What makes Playing Catch Fun: a Teaching Metaphor
Although I don't drive a truck or dispatch them, my professional work for the decade or so as been primarily focused on delivery systems. In my case, educational delivery systems. The core of the work I have been doing has been working on instructional development in both technology infusion as well as the basic skills of planning and instructional decision making. From what I have seen, and experienced, delivery systems are mostly what we have been focusing on in the past several decades.
It reminded me of how I really loved playing catch with my (now) adult son. While I mostly looked forward to the opportunities, I cannot say that I always enjoyed it. Frankly, though he picked up skills quite rapidly, there were just too many missed catches and errant throws. You might say I had a teacher's enjoyment of playing with him, instructing and extolling his progress while I dourly trudged down the street to fetch a ball that had been launched at an angle that even Brooks Robinson himself could not have overcome.
Then there was a brief period where we had about the same skill level (he may have been about the age I was when I found out that I had no baseball player hope) but just as I was more capable than him before that, he became much more capable than me. Although we continued to play catch, Ben adjusted his abilities (slowing down his throws) to accommodate my diminishing reflexes and his superior ability. I'm sure he still loves playing catch with me though I suspect he does not always enjoy it.
To extend the metaphor, as professional educators we have really been focusing on developing our throwing. My experience tells me that we have seen many great improvements on the teacher side, but not quite so much on the learner side. Somehow we have gotten the message that the better we throw, the better they'll want to catch, and then, of course, the better they'll return the ball right to us. The reality has resulted in the same outcome as was behaviorally produced by the oft repeated just teach better myth explored in an earlier post. Teaching better simply isn't enough: you must also learn classroom management skills and teach self-management which are part and parcel of the highly evolved teacher's skills.
As educators we must have as much an impact on the recipient as we have on the shipping, but if we just expect it to happen as a result of better delivery itself, it never will.
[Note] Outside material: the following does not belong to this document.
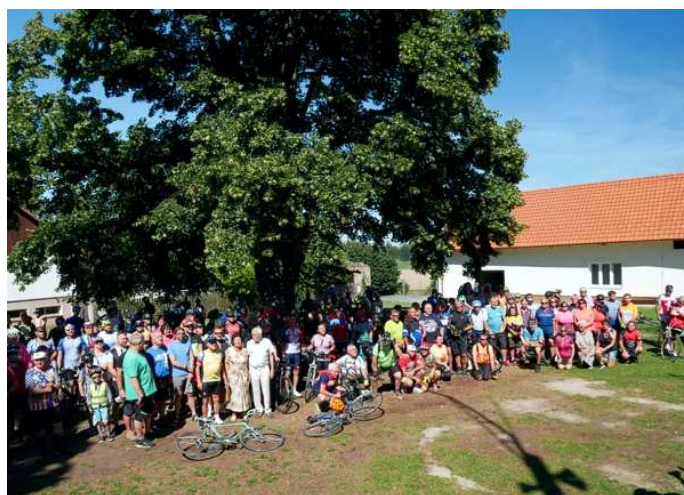
Tour de Battaglia se zúčastnilo přes 200 cyklistů
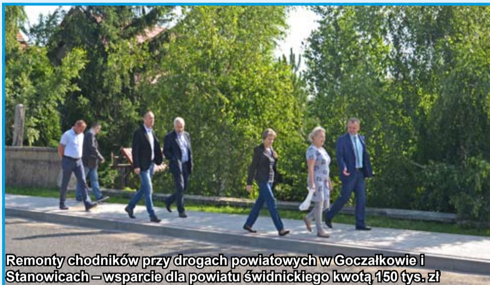
Remonty chodników przy drogach powiatowych w Goczałkowie i Stanowicach – wsparcie dla powiatu świdnickiego kwotą 150 tys. zł

What I recall with my son was not just playing catch, nor even helping him play better and improve his physical skills. We also worked on focus, concentration, self-regulation, persistence again and again and again and again. I like to think that some of this seeped in, and even spread to other areas of concern, like school.
There is no question we need to make sure our instructional delivery system is as strong as we can make them but isn't it about time we started teaching these success skills too? Face it folks, no matter how good UPS is at getting the stuff you ordered to your doorstep, if someone does't get home eventually to take it in, all that really great stuff is just going to rot out there, right out there on your own porch.